-- What you will do --
The whole listing that follows, pictures excepted, should be printed again exactly as given.

-- Data shown --
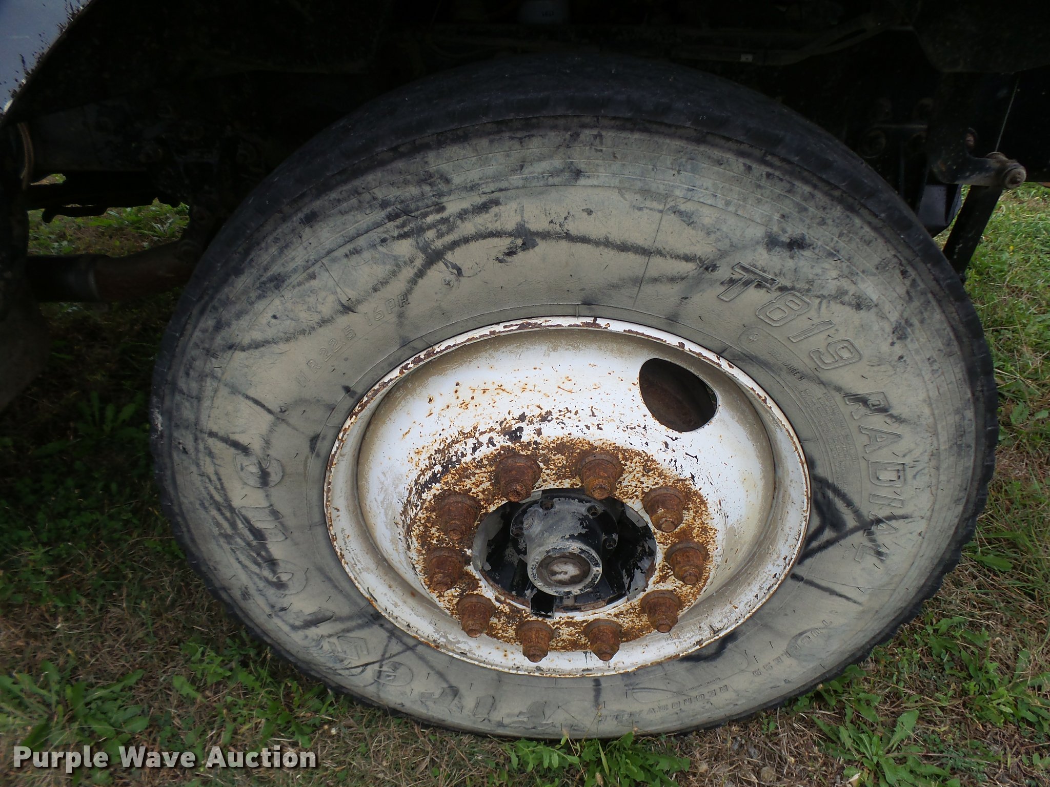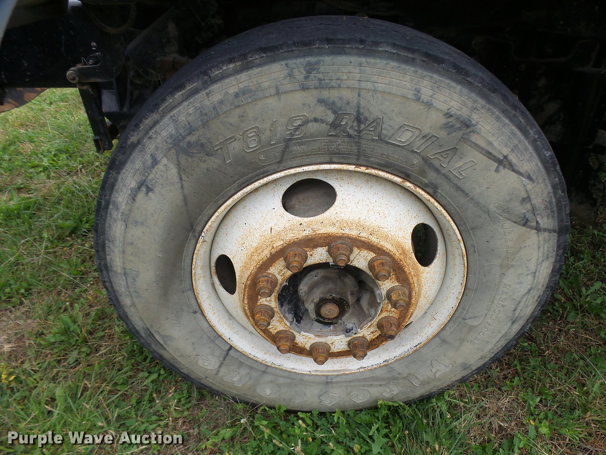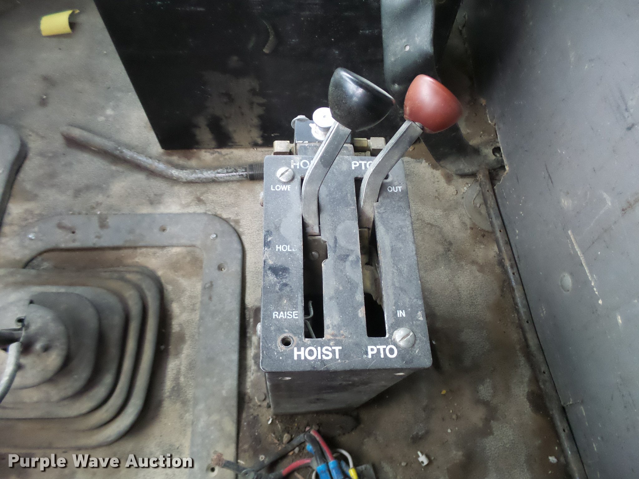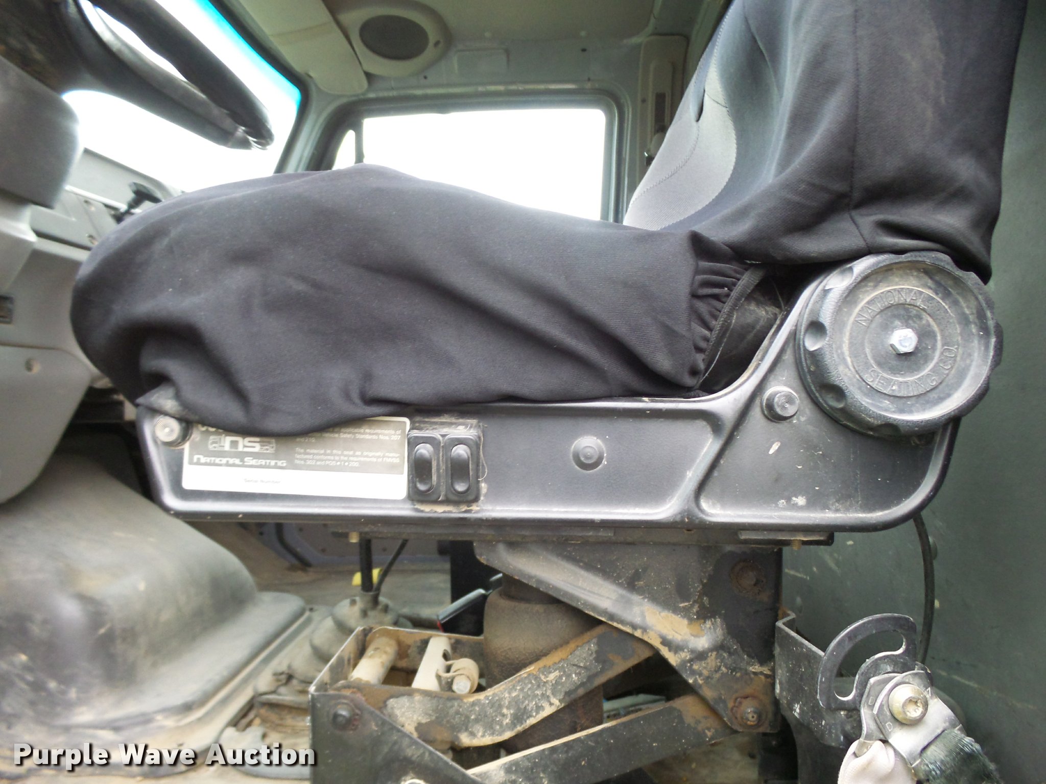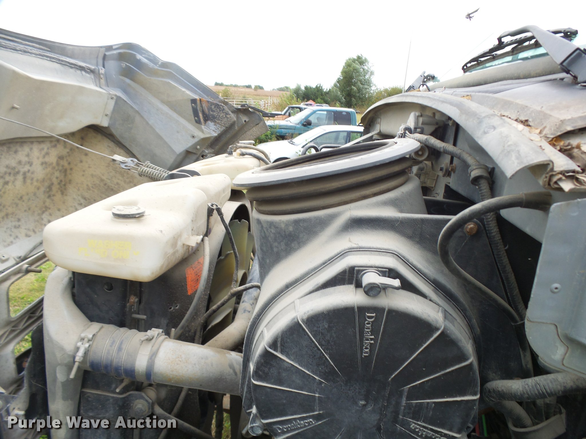 2000 Sterling L7500 dump truck. 364,471 miles on odometer, 14,830 hours on meter, Caterpillar 3126 7.2L L6 diesel engine, Eaton Fuller Road Ranger nine speed manual transmission, Single axle, AC and heat, Cruise, AM/FM, Air suspension seat, Front mounted PTO, Warren 451-10 steel dump bed 10'L x 96"W, 36" side height, Single ram hoist, Single fuel tank, Trailer wiring, Spring suspension, Air brakes, 11R22.5 front tires. Kansas title. 2FZHAJBB1YAG33262. Rose Hill, KS 67133
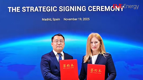 11月19日,2025年西班牙马德里能源与环保展现场,亿纬锂能与瑞典领先的储能系统集成商Vimab BESS AB正式签署为期三年的谅解备忘录,携手共同推动北欧地区1.48GWh储能项目的部署,助力欧洲能源转型。
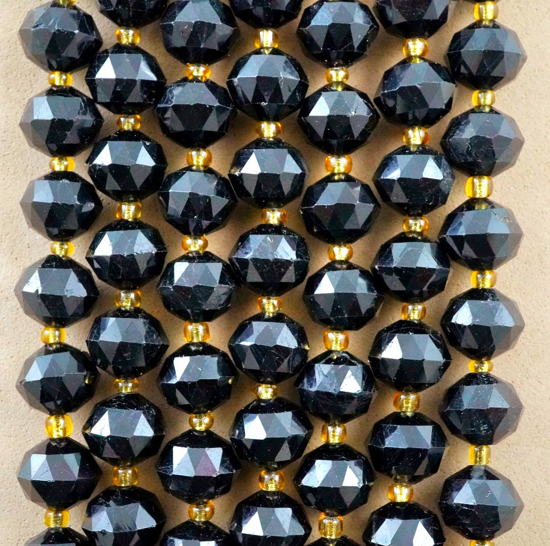 Black Tourmaline (Rondelle)(Triangle-Faceted)(10x8mm)(15.5"Strand)
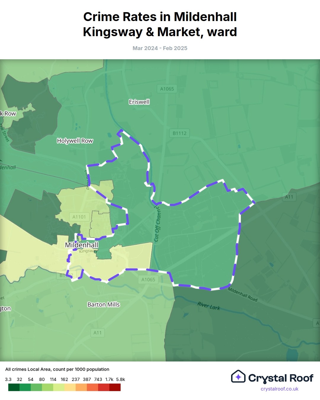 Mildenhall Kingsway & Market, (ward) includes areas with the following crime ratings (see map):

-- Response to this exercise --
 2000 Sterling L7500 dump truck. 364,471 miles on odometer, 14,830 hours on meter, Caterpillar 3126 7.2L L6 diesel engine, Eaton Fuller Road Ranger nine speed manual transmission, Single axle, AC and heat, Cruise, AM/FM, Air suspension seat, Front mounted PTO, Warren 451-10 steel dump bed 10'L x 96"W, 36" side height, Single ram hoist, Single fuel tank, Trailer wiring, Spring suspension, Air brakes, 11R22.5 front tires. Kansas title. 2FZHAJBB1YAG33262. Rose Hill, KS 67133
 11月19日,2025年西班牙马德里能源与环保展现场,亿纬锂能与瑞典领先的储能系统集成商Vimab BESS AB正式签署为期三年的谅解备忘录,携手共同推动北欧地区1.48GWh储能项目的部署,助力欧洲能源转型。
 Black Tourmaline (Rondelle)(Triangle-Faceted)(10x8mm)(15.5"Strand)
 Mildenhall Kingsway & Market, (ward) includes areas with the following crime ratings (see map):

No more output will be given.